Calero disse ainda que o presidente Michel Temer estava a par de tudo. O ex-ministro contou que, no jantar que Temer ofereceu a senadores, no dia 16 deste mês, relatou os fatos à chefe de gabinete do presidente, Nara de Deus, antes de procurar o próprio Temer. De acordo com Calero, após ouví-lo, Temer disse que ficasse tranquilo. Calero acrescentou que, no dia seguinte (17), ao atender a um chamado do presidente, Temer disse que a decisão do Iphan criou “dificuldades operacionais ao gabinete presidencial” e deixou Geddel “irritado”. O ex-ministro da Cultura afirmou que Temer o aconselhou a procurar a advogada-geral da União, Grace Mendonça, e a procurar “construir” uma saída.
Em nota divulgada no fim da noite de quinta-feira, Grace Mendonça classifica de irresponsabilidade o envolvimento de seu nome no episódio e de insensatas as declarações atribuídas a Calero.
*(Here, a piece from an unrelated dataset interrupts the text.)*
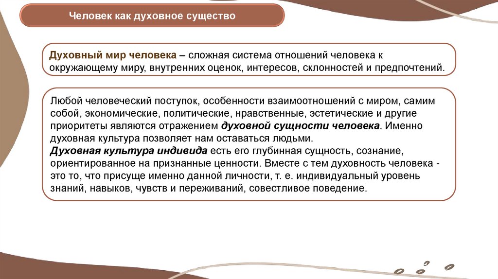 Человек как духовное существоДуховный мир человека – сложная система отношений человека к

Segundo Grace, não há possibilidade de construir qualquer solução jurídica para o caso do empreendimento imobiliário em Salvador que não seja fundamentada na Constituição e no ordenamento jurídico brasileiro.
A advogada-geral nega ter recebido qualquer orientação para direcionamento nas manifestações da AGU. “Tampouco aceitaria qualquer tipo de interferência na atuação independente e técnica do corpo jurídico da instituição. Qualquer afirmação em contrário é inverídica e leviana”, afirmou Grace, confirmando o pedido da Secretaria de Assuntos Jurídicos da Casa Civil para que a AGU avaliasse uma possível divergência jurídica entre órgãos da administração. “Dirimir conflitos jurídicos é uma das funções da AGU”, disse a advogada.